Your instructions — If a record below holds a picture, drop the picture and copy everything else exactly.

### Material shown ###

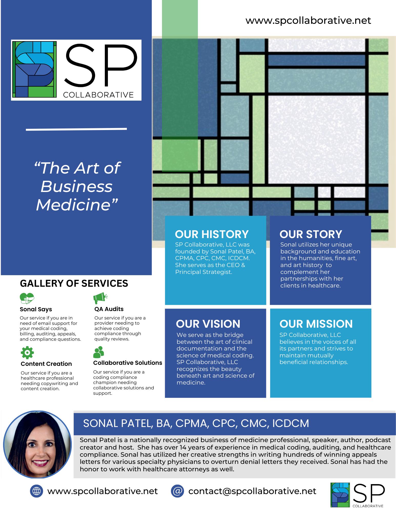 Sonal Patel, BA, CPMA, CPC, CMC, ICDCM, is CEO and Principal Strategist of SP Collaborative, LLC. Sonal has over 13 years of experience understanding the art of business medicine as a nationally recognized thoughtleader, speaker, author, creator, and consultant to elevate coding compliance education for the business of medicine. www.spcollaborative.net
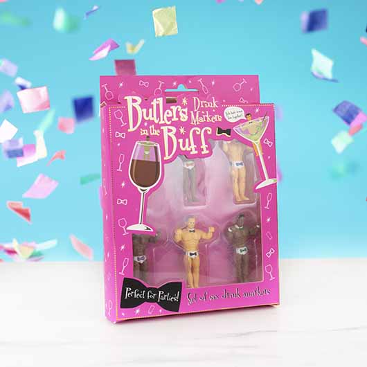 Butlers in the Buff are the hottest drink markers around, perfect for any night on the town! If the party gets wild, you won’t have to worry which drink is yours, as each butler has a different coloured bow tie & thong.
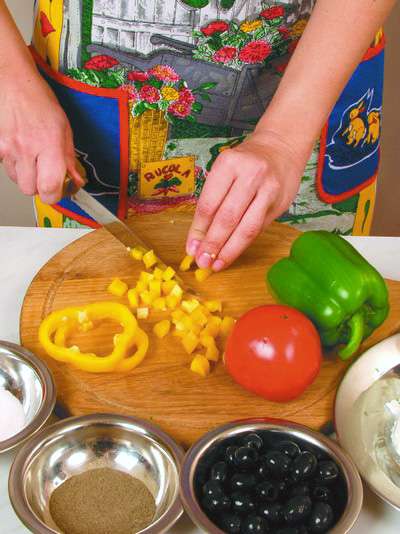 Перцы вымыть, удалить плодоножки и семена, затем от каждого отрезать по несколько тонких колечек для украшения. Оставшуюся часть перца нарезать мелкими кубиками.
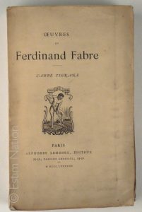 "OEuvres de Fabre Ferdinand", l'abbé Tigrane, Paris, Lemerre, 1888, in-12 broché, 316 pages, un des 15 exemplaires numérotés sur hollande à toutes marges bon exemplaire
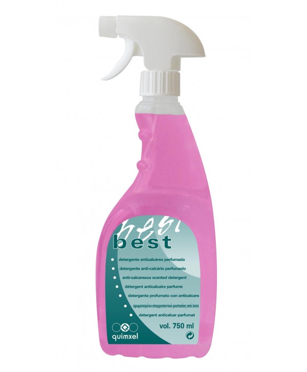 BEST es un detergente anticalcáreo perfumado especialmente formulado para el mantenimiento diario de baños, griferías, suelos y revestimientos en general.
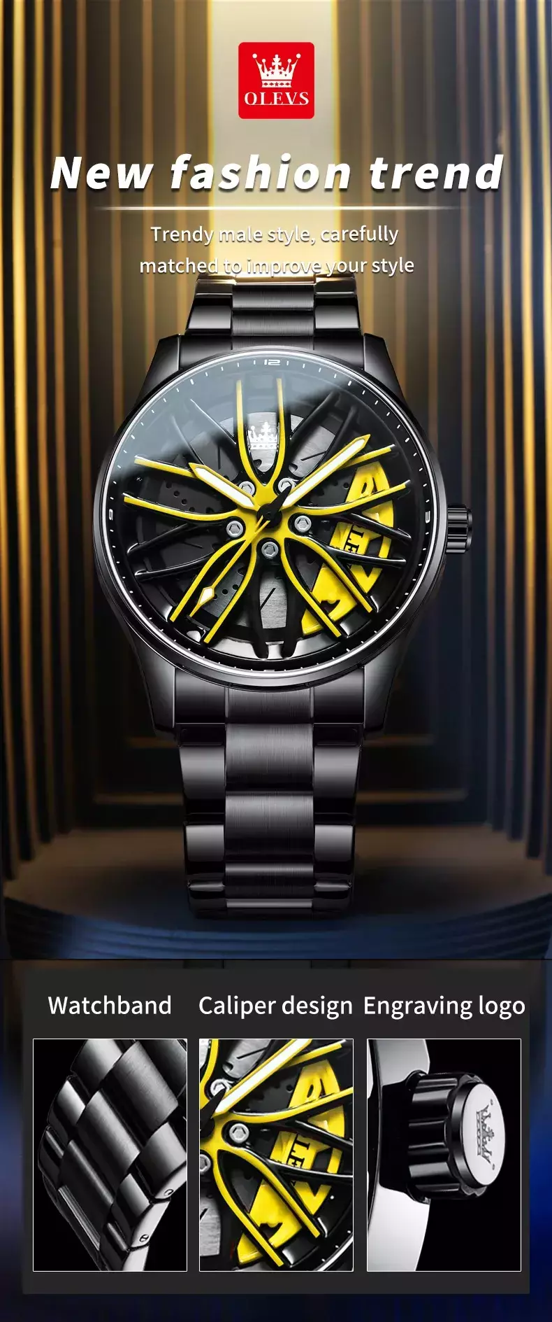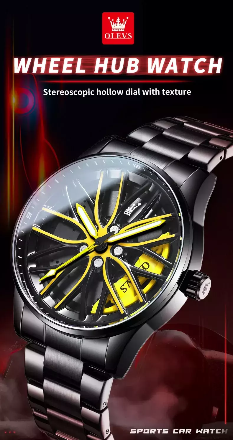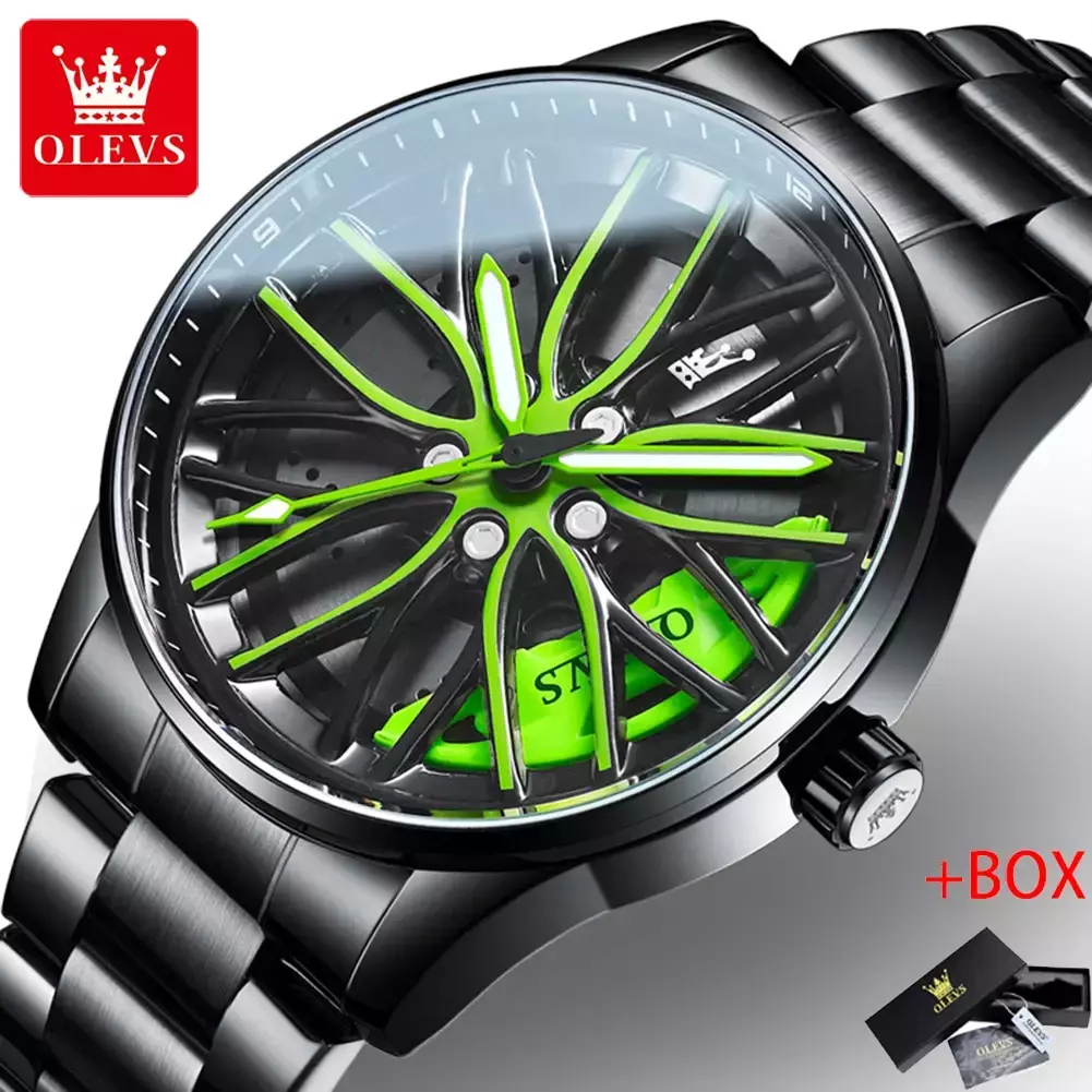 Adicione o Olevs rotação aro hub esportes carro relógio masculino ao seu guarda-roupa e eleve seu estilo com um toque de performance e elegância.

###

Solution to this task —
 Sonal Patel, BA, CPMA, CPC, CMC, ICDCM, is CEO and Principal Strategist of SP Collaborative, LLC. Sonal has over 13 years of experience understanding the art of business medicine as a nationally recognized thoughtleader, speaker, author, creator, and consultant to elevate coding compliance education for the business of medicine. www.spcollaborative.net
 Butlers in the Buff are the hottest drink markers around, perfect for any night on the town! If the party gets wild, you won’t have to worry which drink is yours, as each butler has a different coloured bow tie & thong.
 Перцы вымыть, удалить плодоножки и семена, затем от каждого отрезать по несколько тонких колечек для украшения. Оставшуюся часть перца нарезать мелкими кубиками.
 "OEuvres de Fabre Ferdinand", l'abbé Tigrane, Paris, Lemerre, 1888, in-12 broché, 316 pages, un des 15 exemplaires numérotés sur hollande à toutes marges bon exemplaire
 BEST es un detergente anticalcáreo perfumado especialmente formulado para el mantenimiento diario de baños, griferías, suelos y revestimientos en general.
 Adicione o Olevs rotação aro hub esportes carro relógio masculino ao seu guarda-roupa e eleve seu estilo com um toque de performance e elegância.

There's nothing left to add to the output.